David Fifield <david@bamsoftware.com>

https://www.bamsoftware.com/talks/msudenver-censor/

I pitched this talk as "The near future of Internet censorship circumvention," but I realized that there's a bit of background required for that to make sense. So I'm going to start with some background topics, but it's okay for you because it's really fascinating background. What I want to go over today is 1) describe the censorship threat model and what I mean by "censorship" and "circumvention" and why the problem is harder than it may seem at first; 2) talk about domain fronting, a circumvention technique that meets the challenges of the model; and then finally 3) talk about potential upcoming developments and how they may change things.
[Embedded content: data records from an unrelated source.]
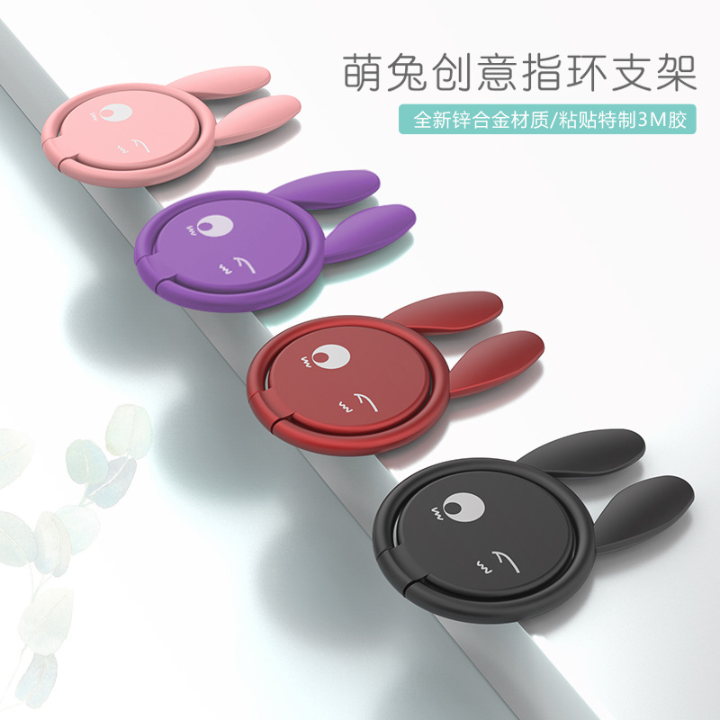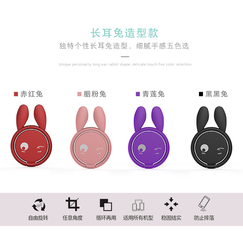 独特个性长耳兔造型锌合金手机指环扣 自由旋转手机支架 什么礼品小而实用
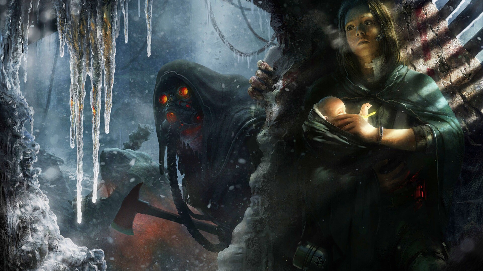 «Девушка с ребенком прячется от монстра»
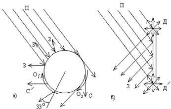При дифракции на объемных дефектах, которые удобно имитировать цилиндром (рис. 2.16,а), дифрагированные волны обегают дефект и соскальзывают. Особенно хорошо волны обегания и соскальзывания наблюдаются при падении на дефект поперечной волны П с колебаниями в плоскости рисунка. При диаметре цилиндра порядка длины волны основной тип волны обегания Оs – рэлеевская, волна соскальзывания С – поперечная, распространяется по касательной к поверхности цилиндра. При диаметре цилиндра значительно большем длины волны хорошо заметна также обегающая волна О. Волна соскальзывания С' при этом – также поперечная, распространяется под углом к поверхности, равном третьему критическому j'.
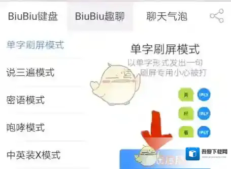 4、可以看到单字刷屏模式,点击,并选择点击启用即可。
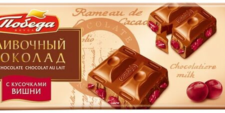 Шоколад Победа вкуса молочный сливочный с кусочками вишни 250г доставка
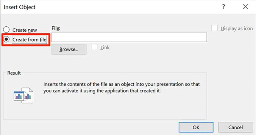 با کلیک روی این گزینه یک پنجره جدید در برابرتان ظاهر میشود که حاوی دو گزینه اصلی است. یکی از آنها مربوط به ایجاد یک Object جدید میشود و دیگری ساخت یک Object به وسیله فایل است. گزینه دوم Create from file را انتخاب کنید چرا که میخواهید به پاورپوینت خود یک فایل PDF اضافه کنید.
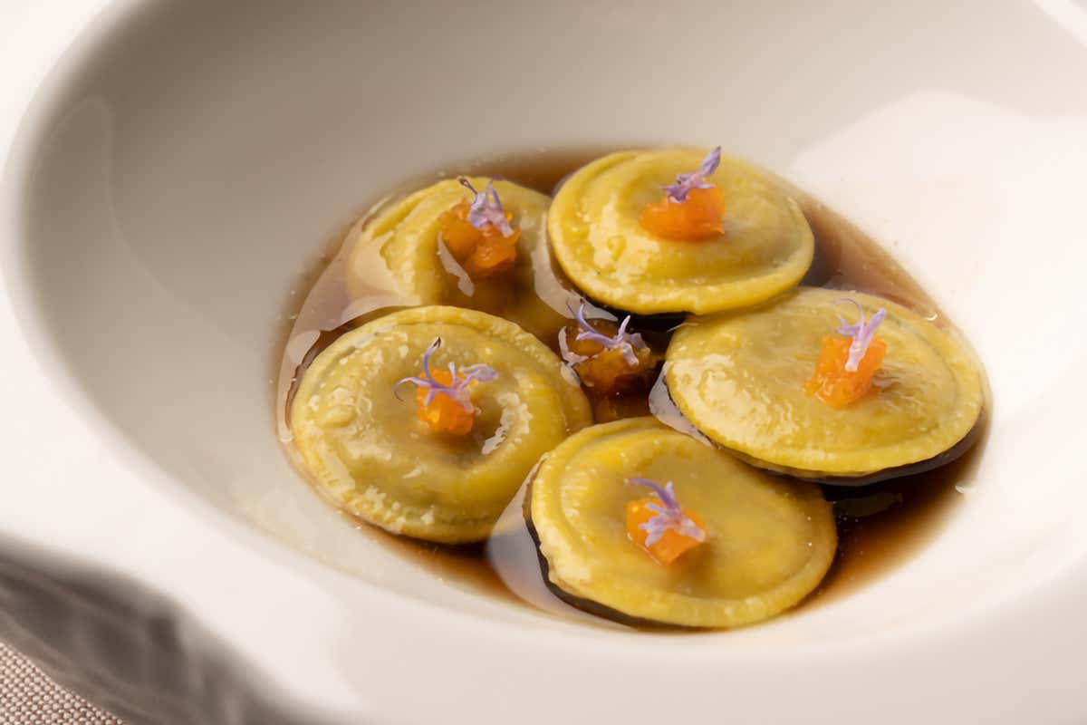 La dolcezza della mostarda di zucca e il sapore deciso del brodo di verdure invernali completano il piatto, regalando un’esperienza gustativa complessa e appagante.
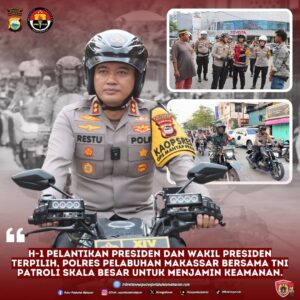 Kapolres Pelabuhan Makassar AKBP Restu Wijayanto mengatakan, pihaknya melakukan patroli skala besar bersama TNI, Yakni Kodim dan Koramil dengan melibatkan babinkamtibmas dan babinsa. Hal ini dilaksanakan sebagai kegiatan iambangan jelang H-1 pelantikan Presiden dan Wakil presiden terpilih.
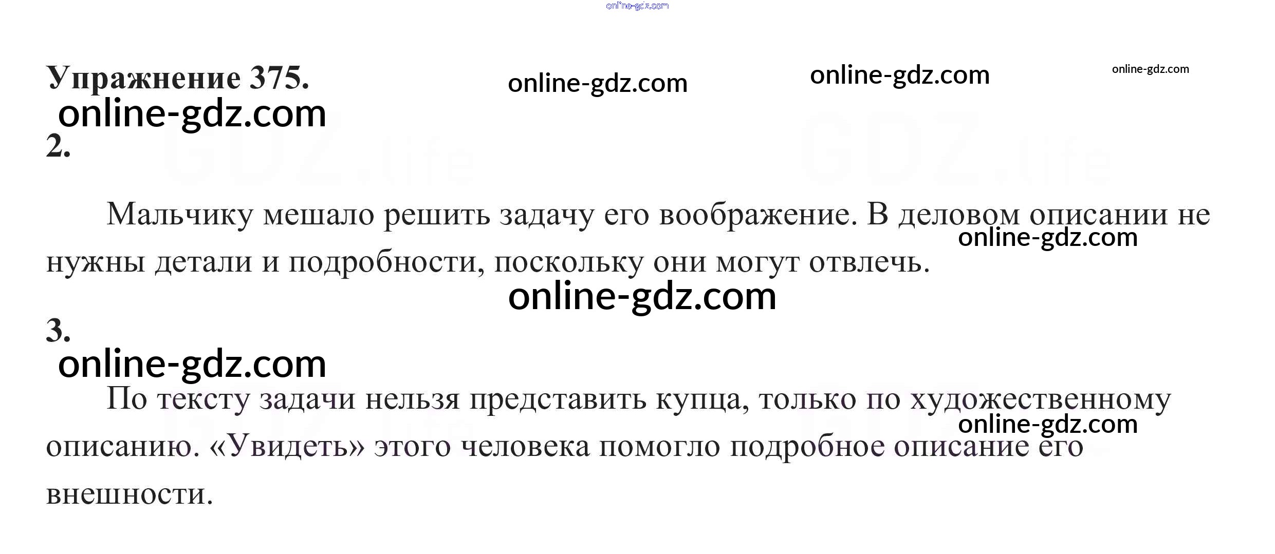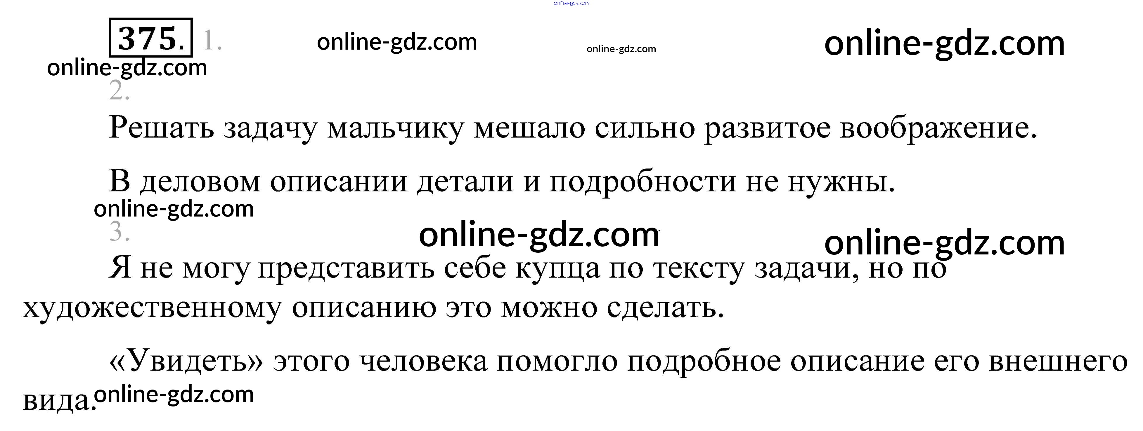 Готовые домашние задания по Русскому языку за 5 класс Учебник Разумовская, Львова 2014 - Упражнения 375

And then I'd like to leave plenty of time for questions because this is a topic that tends to provoke lots of questions especially if it's the first time you've seen them.

Censorship model

This is the model I always have in mind. We have a censored client, who resides inside a censor-controlled network. The censor controls all the network links, routers, etc. inside the network, and in particular the routers at the perimeter of the network. We usually allow the censor quite a lot of power, for example we don't really limit it computationally, it has the power to inspect all the packets it sees, can block any traffic for any reason, inject, replay, etc. But we do assume that the client's own computer is trustworthy, and that the censor doesn't control links outside its perimeter.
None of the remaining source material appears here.